During my years as LPGA Commissioner we often had dinner parties at our home in Jupiter, Florida. One night we entertained several LPGA pros and we asked Jack and Barbara Nicklaus to join us. We discussed a number of things, one of which was why did women tennis players fare better than LPGA players in compensation, media attention, etc. I said to Jack that I thought the primary reason was that their major events were held at the same time and venue as the men’s major events. For example, at the U.S. Open in New York City, if you were watching Björn Borg and John McEnroe and wanted to watch Martina Navratilova and Chris Evert, you only had to walk a few yards into an adjoining court. I then said that this was impossible in the golf world.
Later in the evening Jack said, “Why couldn’t the men and women play events, maybe not majors, but popular events at the same venue?”
A few weeks later, Jack’s people came up with two ideas – the Diners Club matches, in which all three tours were represented by several two-person teams, played on the same golf course at the same time; and the Wendy’s 3-Tour Challenge, in which representatives of each tour competed against one another.
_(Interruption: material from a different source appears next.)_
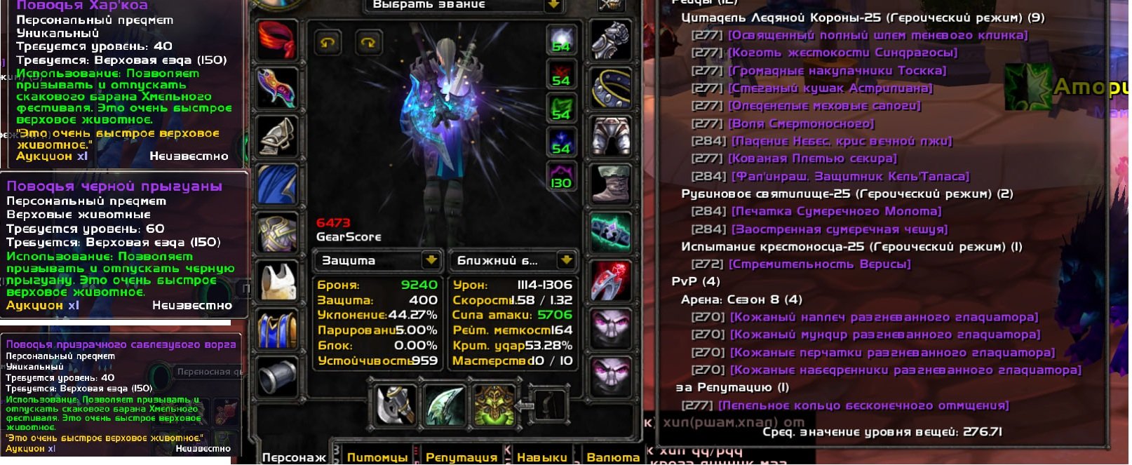 Краткое описание: Бис рог пве + 4\5 пвп (плечи есть), маунт с лутбокса, рубашки, прыгуана

I was very impressed that Jack refused to concede that men’s and women’s events could not be played on the same venue and he and his people made it happen. And, by the way, the JCPenney Classic was an example of men and women playing together on the same course. My dear friend W.R. Howell, chairman of JCPenney, was a serious supporter of women’s golf and this event was a testament to his strongly held beliefs. The format was simple. In one year, a full field of male pros would each choose a female partner. The next year the female pros would choose a male partner. Most of the top players participated. It was wonderful.
“Let me tell you something, Charlie. Any course can be made a tournament course if you narrow the fairways, grow the rough and make the greens roll lightning fast.” – Jack Nicklaus
I was also involved in helping build what came to be known as the Jack Nicklaus Sports Center in Mason, Ohio, just northeast of Cincinnati. It is a wonderful facility and a terrific public golf course with a very comfortable clubhouse and restaurant. There are also tennis courts and later we built a magnificent tennis stadium on the property. This facility is now the home of the Western & Southern Open, one of the top four tennis tournaments in the United States.
When the golf course was nearly finished, Jack and I sat down to talk about the future. We were both very pleased with the design and I was looking forward to seeing play begin. Jack then almost gave me a heart attack when he said, “Charlie, we’re going to have a PGA Tour tournament here next year.” After recovering my ability to speak I said, “But Jack, this is a public golf course. It’s not designed for professional play. The trees are whips and the grass is just now growing in. How can we possibly host a PGA Tour tournament?”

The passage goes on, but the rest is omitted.